> _DIRECTIONS FOR THIS TASK_
From the line with "Odprtje 7. klekljarske" through the last line of the records below, both ends included, transcribe only those lines, exactly, and omit the pictures.

Recorded data
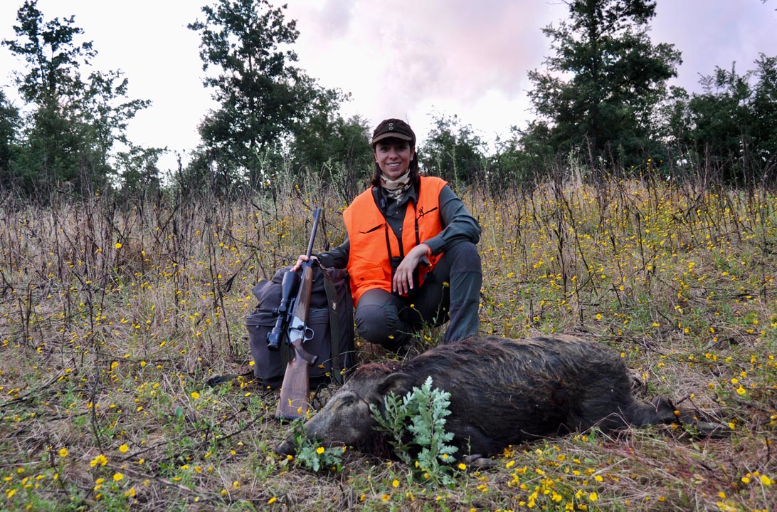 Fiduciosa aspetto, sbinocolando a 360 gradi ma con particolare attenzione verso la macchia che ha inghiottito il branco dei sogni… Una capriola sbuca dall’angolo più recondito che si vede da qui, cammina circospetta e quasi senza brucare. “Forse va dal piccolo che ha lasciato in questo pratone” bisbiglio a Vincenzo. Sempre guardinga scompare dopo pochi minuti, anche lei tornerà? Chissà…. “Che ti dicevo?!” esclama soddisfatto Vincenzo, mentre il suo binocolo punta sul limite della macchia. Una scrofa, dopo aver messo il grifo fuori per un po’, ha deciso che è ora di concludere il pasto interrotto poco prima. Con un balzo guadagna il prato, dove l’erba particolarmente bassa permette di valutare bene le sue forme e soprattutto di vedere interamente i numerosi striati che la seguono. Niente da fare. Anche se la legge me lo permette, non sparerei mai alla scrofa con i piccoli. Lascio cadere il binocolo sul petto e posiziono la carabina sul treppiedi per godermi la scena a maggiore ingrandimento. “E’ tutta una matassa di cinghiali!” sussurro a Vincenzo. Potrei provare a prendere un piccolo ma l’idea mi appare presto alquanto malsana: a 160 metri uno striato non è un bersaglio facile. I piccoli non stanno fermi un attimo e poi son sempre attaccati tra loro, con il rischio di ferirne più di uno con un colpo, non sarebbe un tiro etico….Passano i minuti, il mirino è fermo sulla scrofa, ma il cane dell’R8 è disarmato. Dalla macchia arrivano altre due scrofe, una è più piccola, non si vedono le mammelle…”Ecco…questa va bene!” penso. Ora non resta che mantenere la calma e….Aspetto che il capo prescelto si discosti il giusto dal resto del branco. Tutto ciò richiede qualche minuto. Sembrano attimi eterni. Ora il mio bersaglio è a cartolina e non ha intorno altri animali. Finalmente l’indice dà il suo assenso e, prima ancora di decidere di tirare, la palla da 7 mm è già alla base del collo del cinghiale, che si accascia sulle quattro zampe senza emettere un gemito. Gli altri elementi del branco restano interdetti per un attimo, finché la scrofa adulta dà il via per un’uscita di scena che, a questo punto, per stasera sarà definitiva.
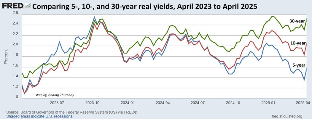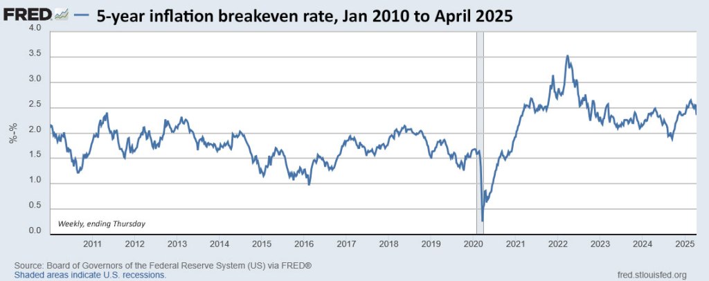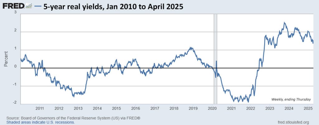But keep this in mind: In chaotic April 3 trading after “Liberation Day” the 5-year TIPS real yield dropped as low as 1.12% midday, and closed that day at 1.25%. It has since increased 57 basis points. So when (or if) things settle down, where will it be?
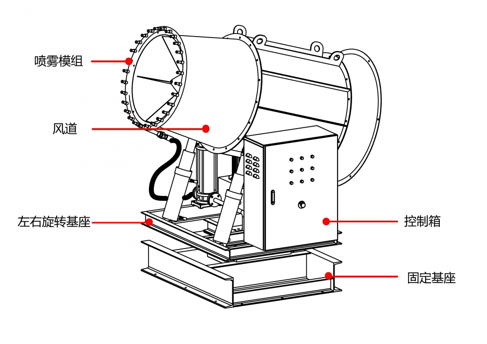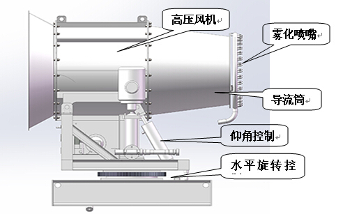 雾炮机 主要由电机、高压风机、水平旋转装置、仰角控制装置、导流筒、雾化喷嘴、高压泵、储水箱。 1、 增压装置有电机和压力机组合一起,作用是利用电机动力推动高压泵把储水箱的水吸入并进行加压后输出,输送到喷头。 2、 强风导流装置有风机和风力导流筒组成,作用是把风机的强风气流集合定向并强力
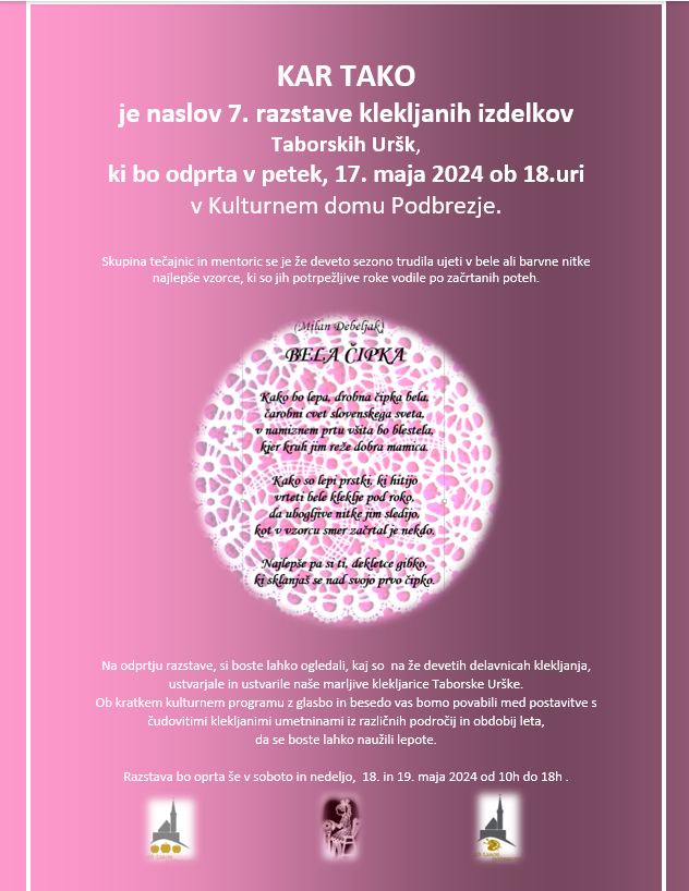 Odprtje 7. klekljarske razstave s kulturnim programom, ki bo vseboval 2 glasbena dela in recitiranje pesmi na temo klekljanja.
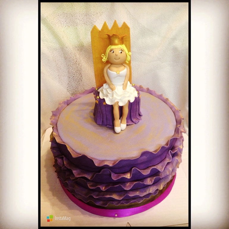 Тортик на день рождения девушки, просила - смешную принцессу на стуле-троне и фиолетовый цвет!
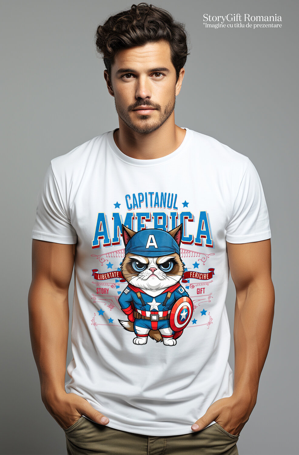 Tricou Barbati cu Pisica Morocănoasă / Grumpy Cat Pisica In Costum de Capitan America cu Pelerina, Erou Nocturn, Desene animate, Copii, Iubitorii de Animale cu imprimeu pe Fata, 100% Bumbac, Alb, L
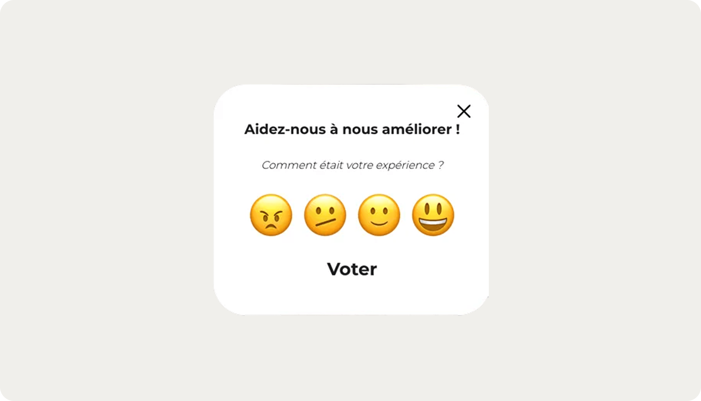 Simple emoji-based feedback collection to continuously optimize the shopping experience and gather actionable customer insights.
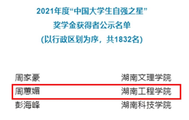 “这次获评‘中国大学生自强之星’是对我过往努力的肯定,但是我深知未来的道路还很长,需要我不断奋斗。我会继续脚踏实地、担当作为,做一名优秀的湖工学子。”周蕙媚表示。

> _ANSWER FOR THE TASK_
 Odprtje 7. klekljarske razstave s kulturnim programom, ki bo vseboval 2 glasbena dela in recitiranje pesmi na temo klekljanja.
 Тортик на день рождения девушки, просила - смешную принцессу на стуле-троне и фиолетовый цвет!
 Tricou Barbati cu Pisica Morocănoasă / Grumpy Cat Pisica In Costum de Capitan America cu Pelerina, Erou Nocturn, Desene animate, Copii, Iubitorii de Animale cu imprimeu pe Fata, 100% Bumbac, Alb, L
 Simple emoji-based feedback collection to continuously optimize the shopping experience and gather actionable customer insights.
 “这次获评‘中国大学生自强之星’是对我过往努力的肯定,但是我深知未来的道路还很长,需要我不断奋斗。我会继续脚踏实地、担当作为,做一名优秀的湖工学子。”周蕙媚表示。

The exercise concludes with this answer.